There are candidate-specific reasons why people on the left of the American political spectrum should not vote for Stein or Johnson. We’ll come back to them in another post. But even if Stein and Johnson weren’t rather ridiculous crackpots, there are more general reasons why people on the left of the American political spectrum should not vote for Stein or Johnson. Thomas Geoghegan get at three of the most important ones, and I recommend his piece in its entirely. A couple of highlights, starting with a point that has also been a longstanding hobbyhorse here:

May I pile on the reasons why even the most bitter Sanders supporter should vote for Clinton? Forget the Supreme Court—it’s too obvious. Here are three others:

1. It’s not about Clinton herself. Your vote puts not just Clinton in power but literally thousands of appointees. It may be the deputy administrator in an EPA regional office, or the new director of the Consumer Financial Protection Bureau, or the new policy and strategy chief at U.S. Citizen and Immigration Services—or a new member of the National Labor Relations Board, or even chief number cruncher at the Census Bureau.

And the civil rights division of the DOJ. And the EEOC. And the OHSA. And on and on. Very different kinds of people staff executive agencies during Democratic and Republican administration. And these executive branch appointments are hugely important to both policy-making and policy implementation.

Also:

And while there’s been enough banging on about that one vacancy in the Supreme Court, think about the lower courts, especially the trial courts. Think of the wage theft or Title VII cases that will be settled—and will keep, say, a pregnant plaintiff out of a homeless shelter. Here’s just a passing news item to tell you what these lower courts do: The other day, three federal appellate judges on the U.S. Court of Appeals for the Fourth Circuit struck down a North Carolina voting law that with “almost surgical precision,” to quote the opinion, was intended to keep black Americans from voting. Who were the judges? Three appointed by either Bill Clinton or Barack Obama. If you don’t stop restrictive voting laws, how is a Sanders movement ever going to come back?
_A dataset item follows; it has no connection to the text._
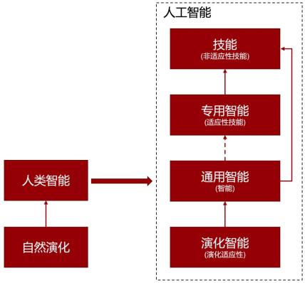 早期的人工智能研究,许多关注于用计算机解决问题,相关的计算机程序缺乏适应性,是本文中所说的“技能”;人们为特定问题设计的适应性方法,往往掺入了开发者对特定问题的经验,这些问题特定的经验不适用于“开放环境”,导致了“适应”的问题范围往往十分局限,但这些方法从应用角度来讲也十分有价值。同时,也有一些工作聚焦于与具体问题无关的原理,即“通用智能”,其旨在探索发生在人类、动物、群体、甚至可能存在的“外星人”等等的“心智”中的、复杂现象背后的、认识和改造世界的基本原理,这套原理的计算机实现被称为“通用人工智能”[6]。“通用智能”是否能由人工演化过程得来?是可能的,但演化中的适应性与人类身上的“通用智能”有着根本性的区别[7],由于篇幅限制,此处就不展开了。

If Romney had won, not only would be there no Clean Power Plan, the composition of the D.C. Circuit would have ensured that the next Democratic president couldn’t implement one either.

Sure. You think after four years of Trump there will be another Bernie or Bernie-like movement. There won’t. Even assuming Trump doesn’t, in a Putin-like fit, cancel the 2020 elections, by then the country, or what’s left of it, will be beyond your reach. The other side—the real Other Side—has four years to lock down policy with a lock that is bigger than the one on Fort Knox: requirements for balanced budgets, rules on redistricting, changes to the Voting Rights Act, federal voter ID laws, and on and on.

The odd thing is, if you want the Left to come back, you have to put the center-left in power. It sounds paradoxical, but it’s true: Give people a little taste of equality and they will want even more. The women’s movement, the civil rights movement, the huge egalitarian transformations of the 1960s came about in large part because of the much more egalitarian and prosperous country created by the New Deal and yes, the Great Society itself.

Let any Republican get in and it will always go the other way.

Liberals — let lone those further to the left — have never had a majority coalition that could govern without compromise in the United States. But there is a huge difference between administrations that can be pressured from the left and those than can’t. Clinton can be. Trump can’t. And the idea that electing Trump would mean that democratic socialists would then be able to govern without compromise is a puerile fantasy.